Image: A valve for a Freightliner is undergoing a durability test to make sure it can withstand extreme conditions.
To understand why pressure is important, consider the case of a customer that tests a valve at –45° F and notes that it properly shifts at this temperature. It’s important for the customer to know the valve’s leakage at that temperature and its inlet pressure when it is shifted. Valves typically have a minimum operating pressure of about 40 psi to ensure proper operation in extreme environments. Most vehicles will have adequate compressed air reserves to overcome any leakage and friction in such a situation. But a vehicle might require an elevated inlet pressure, in some cases 80 or 90 psi, so leakage through the valve does not affect the valve reliability.
Another factor in extreme applications is a circumstance wherein the valve is used at different times for multiple functions—this can make leakage a main consideration. For example, a street sweeper with a large rotary brush that rotates as the vehicle travels must adjust the rotary brush up or down according to the terrain. When the vehicle is sweeping, the valve works continually. However, when the operator parks the sweeper for days, the air supply reservoir remains pressurized and the control valves remain static for long periods of time. It’s important that the valve doesn’t leak, because any leakage can potentially drain the system. Typically, pressure is required at startup for immediate operation.
Other examples include heavy-duty mass transit buses, which have kneeling modules that include pneumatic poppet valves to inflate and exhaust air bags attached to the vehicle axles. This causes the bus to “kneel” or lower so passengers can more easily get on or off. These pneumatic components encounter drastic temperature swings in northern and southern regions during seasonal changes in temperature. The pneumatic systems must be reliable, have repeatable response times, and have the least amount of leakage possible, so that, upon the vehicle’s initial start-up, the driver does not have to wait several minutes for the system to achieve operational pressure.
Some mass transit buses have kneeling modules that include pneumatic poppet valves to inflate and exhaust air bags attached to the vehicle axles, which causes the bus to “kneel” or lower so passengers can more easily get on or off.
A valve manufacturer can take two basic approaches to design valves that can withstand extreme temperatures and pressures. When cost is a major consideration, the company must further develop something it has already created, perhaps even modifying a standard valve to withstand harsher environments. Extreme applications usually do not entail production volumes comparable to those associated with more common applications. Consequently, an engineer might need a valve that will operate on a one-off prototype on a farm implement or on construction or forestry equipment.
A better approach can often be achieved by starting from scratch. This eliminates the need for a compromise in terms of cost, design, or anything else. Of course, this approach might necessitate the use of special tooling and parts.
The two major design considerations for “extreme” valves such as this are pressure and temperature.

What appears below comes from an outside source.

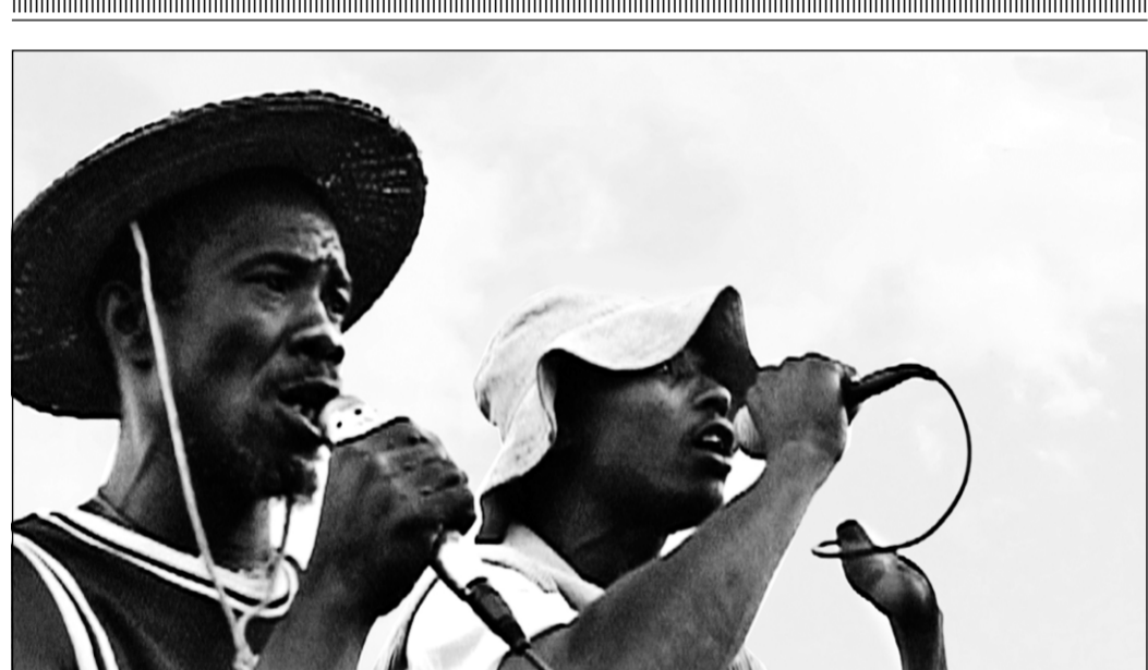
Le nom du groupe, The Refugee All Stars of Sierra Leone, donne une idée de son histoire.
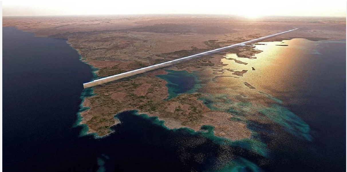
LAKARAN artis projek The Line.

Riyadh: Projek Neom Arab Saudi bernilai AS$500 bilion (RM2.24 trilion) mencatat rekod tersendiri apabila akan menjadi 'rumah' kepada pencakar langit sepanjang 120 kilometer dikenali sebagai Mirror Line.

Drawing a line between a standard and a custom or extreme valve depends on customer specifications. Should an engineer need a valve that will work at –60° F, it might be possible to use a standard valve and simply modify it for use at that temperature. But what if he/she has space restrictions that preclude the use of a standard valve body? Each of the performance criteria will lead the manufacturer down a narrower path of useful technologies it can adapt, or whether the project must start from a clean sheet of paper.
Specifying a pneumatic valve for low temperatures is also not a simple or obvious process. Russian rail companies use a guideline that defines climate regions around the world and gives a statistical measure of how cold a region gets within so many years. For instance the guide might indicate that in far northern climates, temperatures can reach –70°F for one day out of every 15 years. The railcar OEM might then perform a risk analysis based on this information to determine the design specification, answering questions such as, “Does the valve have to work successfully at that temperature?” Alternatively, the question posed might be, “Does the valve just have to withstand that temperature because when it warms up, the valve will then work again?”

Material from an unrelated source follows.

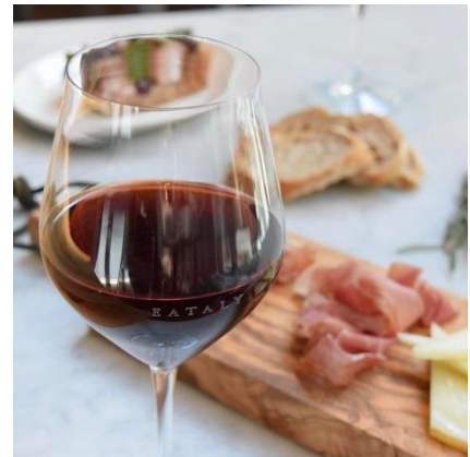
アペリティーボセット（イメージ）

映画公開中（東京・岩波ホール）の10月28日（土）から11月25日（土）まで、グランスタ丸の内店で、映画の舞台トリノがあるピエモンテ州のワイン（スパークリング・赤・白）と、本場イタリア産ハムとサラミ、チーズとともに、トリノで生まれた香ばしいスティック状のパン“グリッシーニ”をご堪能いただけます。【アペリティーボ】セット 1280円（税込 1382円）をご提供します。
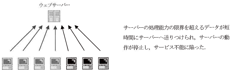
図1) ウェブサーバー攻撃の概略図

サイバーデモとは、インターネット上で主張を同じくする賛同者が多数参加して、政治的な目的を実現するための統一行動を行い、特定のウェブサイトなどに対して不正アクセスなどを行うものと解されている。日本においては2001年に歴史教科書問題が起きた際に最初のサイバーデモが発生した。新しい歴史教科書を作る会によって作成された教科書が公表されると、2000年から2001年にかけて日本を含むアジア諸国で社会問題となった。これが首相の靖国神社参拝とあいまって中国・韓国などの近隣諸国と深刻な外交問題に発展していた。これら日本の歴史教科書問題に関する抗議活動として2001年3月、文部科学省、自由民主党、産経新聞社など合計6ヶ所のウェブサイトが中国や韓国などから攻撃された。この事件では極めて多数の賛同者が、予め定められた時刻に攻撃対象のサーバーに対し同時にアクセスを行う攻撃が行われ、サーバーの処理能力を超える過大な負荷により、ウェブサイトが提供する正常なサービスを停止させるなどの被害を与えた(図1)。

Overall, few OEMs—even rail companies—can correctly specify how a pneumatic valve should work at low temperatures. Instead, the designer generally relies on the valve manufacturer to know what valve will work in settings of –40°F or below. Additionally, consider that when a valve leaks at –40°, is it really a critical loss of air pressure? Or, is the main concern whether or not the valve continues to shift? Therefore, in general, a train manufacturer would likely specify an extreme pneumatic device to ensure an acceptable level of performance in all conditions. Additionally, OEMs should not jump to conclusions by simply using catalog specifications for general operating parameters and assume that the same specification holds true in extreme environments such as those found at –40° F. Jumping to such conclusions is a common mistake.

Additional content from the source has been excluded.